Maisie Sue looked directly at her for the first time. She had a suspicious pink puffiness around the eyes which wasn't caused by make-up. 'How would I know?' she said. Before Amaryllis could reply, Maisie Sue's eyes filled with tears, which started to spill over. 'Pearson - Pearson... Oh, dear God, I never thought this would happen to me....'
Amaryllis recoiled instinctively. This was exactly why she had never had any close women friends in the first place, or very many friends at all - in fact until she walked into the lounge bar of the Queen of Scots in Pitkirtly the previous spring she had never let herself get close to anyone at all. Friendships, relationships with people of either gender could and generally did get very messy quite quickly. It was only because she had kept Christopher at arm's length that she had managed to stay even acquainted with him this long.
But now that this had happened, Amaryllis couldn't just get up and walk away. For one thing, logic dictated otherwise. All those months - well, two months - of attending Cosy Clicks meetings while pretending to Christopher she was at the gym; the tortuous process of learning to knit; all that would be wasted if she walked away now. And it was just starting to get interesting too. She had the chance now to prove to herself that her immersion in a Pitkirtly activity was worthwhile. She steeled herself.
'What's happened, Maisie Sue? Can I do anything?'
She willed the woman to say No, of course you can't do anything. I can cope on my own. I'll be better off without him.
Maisie Sue sniffed unattractively.
'That's real neighbourly of you, Amaryllis. But I don't think there's anything to be done.'
'It might help to talk,' said Amaryllis. She noticed Jan had finished setting up the chairs and was listening to them with a sceptical look about her. She turned her armchair to a different angle so that she and Maisie Sue formed a twosome, huddled together. 'Just tell me about it.'
It was a sad little story, although Amaryllis was more or less immune to emotion so she wasn't unduly upset by it, although she could see Maisie Sue had found it very distressing. Pearson McPherson had left his wife a couple of weeks before to run off, Maisie Sue thought, with an Eastern European lap dancer. His CIA paymasters had somehow managed not to notice him leaving his posting in the UK, and had sent a couple of hatchet-faced hitmen - or so Amaryllis thought of them, although that wasn't Maisie Sue's exact description - to check out why he hadn't reported in for some time. They had been very rude to Maisie Sue in the process. They had said she would now have to return to the USA herself as she would be persona non grata in Scotland.

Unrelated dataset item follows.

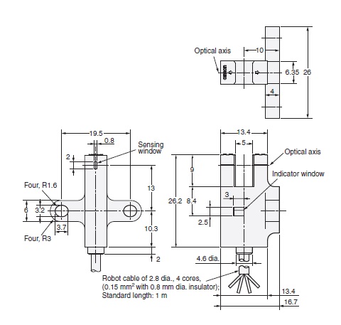 Cảm biến quang điện siêu nhỏ Omron EE-SX675-WR 1M Cảm biến quang điện siêu nhỏ Omron EE-SX675-WR 1M Photomicrosensor Slot type Through-beam T-shaped (slot center 10 mm) Sensing distance: 5 mm (slot width) Dark-ON/Light-ON (selectable) Indicator: Incident light NPN output Pre-wired model 1 m Mua Ngay : nhà chế tạo: Omron SKU: EE-SX675-WR 1M Ngày giao hàng: 1-3 days Giá cũ: 420.433 ₫ Giá bán: 350.361 ₫ Số lượng: Thêm vào giỏ hàng Giao đến Chọn quốc gia Vietnam Vietnam * Khác * Phương pháp vận chuyển Tên Ngày dự kiến giao hàng Giá bán Không có tùy chọn giao hàng nào Áp dụng Custom wishlist được Thêm vào danh sách yêu thích Thêm vào danh sách so sánh Thông Tin Sản Phẩm: EE-SX675-WR 1M Thông Tin Kỹ Thuật cơ bản của : Cảm biến quang điện siêu nhỏ Omron EE-SX676 Type Grooved Type (T-shaped) (Slot center 10 mm) Luminous method Non-modulated Sensing method Through-beam type Sensing distance Slot width: 5 mm Control output (Output type) NPN open collector output Operation mode Dark-ON/Light-ON (selectable) Connection method Pre-wired models Thông số kỹ thuật chi tiết sản phẩm: Cảm biến quang điện siêu nhỏ Omron EE-SX676 TypeGrooved Type (T-shaped) (Slot center 10 mm)Luminous methodNon-modulatedSensing methodThrough-beam typeSensing distanceSlot width: 5 mmOperation modeDark-ON/Light-ON (selectable)Standard sensing objectOpaque, 2 x 0.8 mm min.Differential distance elements0.025 mm max.Light source (Peak wavelength)Infrared LED (940 nm)IndicatorLight indicator (red)Power supply voltage5 to 24 VDC ±10%ripple (p-p) 10 % max.Current consumption35 mAControl outputOutput typeNPN open collector outputLoad power supply voltage5 to 24 VDCLoad curren100 mA max.Residual voltageat 100 mA load current: 0.8 V max.at 40 mA load current: 0.4 V max.Response frequency elements1 kHz min.Average value: 3 kHzIllumination on the surface receiverFluorescent light: 1000 lx max.Ambient temperatureOperating: -25 to 55 ℃ (with no freezing or condensation)Storage: -30 to 80 ℃ (with no freezing or condensation)Ambient humidityOperating: 5 to 85 % (with no condensation)Storage: 5 to 95 % (with no condensation)Vibration resistanceDestruction: 20 to 2000 Hz, peak acceleration 100 m/s2, 1.5-mm double amplitude 2 h each in X, Y, and Z directions (4 min periods)Shock resistanceDestruction: 500 m/s2 for 3 times each in X, Y, and Z directionsDegree of protectionIP50Connection methodPre-wired modelsCable length1 mWeightPackage: Approx. 18.3 gMaterialCase: Polybutylene terephthalate (PBT)Emitter/Receiver Cover: Polycarbonate (PC) Cam Kết Chất Lượng và Dịch Vụ Chúng tôi có hơn 35.000 sản phẩm vì vậy hãy liên hệ với chúng tôi Để được tư vấn và check tình trạng hàng bạn nhé! AUTO TECH VN cam kết: 1. Hàng Chính Hãng. 2. Xuất được Hóa đơn VAT. 3. Cấp CO/CQ đầy đủ. 4. Giá cạnh tranh. 5. Sản phẩm bảo hành theo chính sách của hãng.6. Miễn Phí hỗ trợ cài đặt và sử dụng thiết bị. Thông Tin Liên Hệ AUTO TECH VN - AUT.VN ĐT/ Zalo : 0968.053.025 Email: support@aut.vn Email2: sale@aut.vn Địa chỉ: 07 KĐT Flora Mizuki, Đường Số 1, Bình Hưng, Bình Chánh, Hồ Chí Minh Thẻ sản phẩm Cảm biến quang điện siêu nhỏ (321) , Photomicrosensor (105) , EE-SX675-WR 1M (1) , Sensors (1856) , PhotomicroSensors (136) , Slot-type (128) , EE-SX47/SX67 (47) , EE-SX675-WR1M (1)

'... and just when I thought I was at home in Pitkirtly?' Maisie Sue sobbed. 'I thought we could maybe stay on here after he retired... I don't want to go back home now this has happened. Everybody's going to think it's all my fault.'
The others started to arrive. Jan delayed them on their way through the shop for as long as was humanly possible, chattering inconsequentially and pointing out new batches of wool that had just come in, but Amaryllis gathered from her frequent glances at Maisie Sue that she wanted to get on and start the knitting session. Penelope Johnstone was one of the people there: Amaryllis had planned to corner her and ask a few incisive questions about Zak, but she could see it would be difficult in the circumstances. She encouraged Maisie Sue to stop talking, to dry her eyes and to demonstrate how to use a cable needle - not that Amaryllis had any intention of using one.
Everyone else had already settled down and started to work on their projects when Giulia Petrelli arrived, out of breath and flustered. Her big brown eyes held a panicky look. She hadn't brought her mother-in-law this time.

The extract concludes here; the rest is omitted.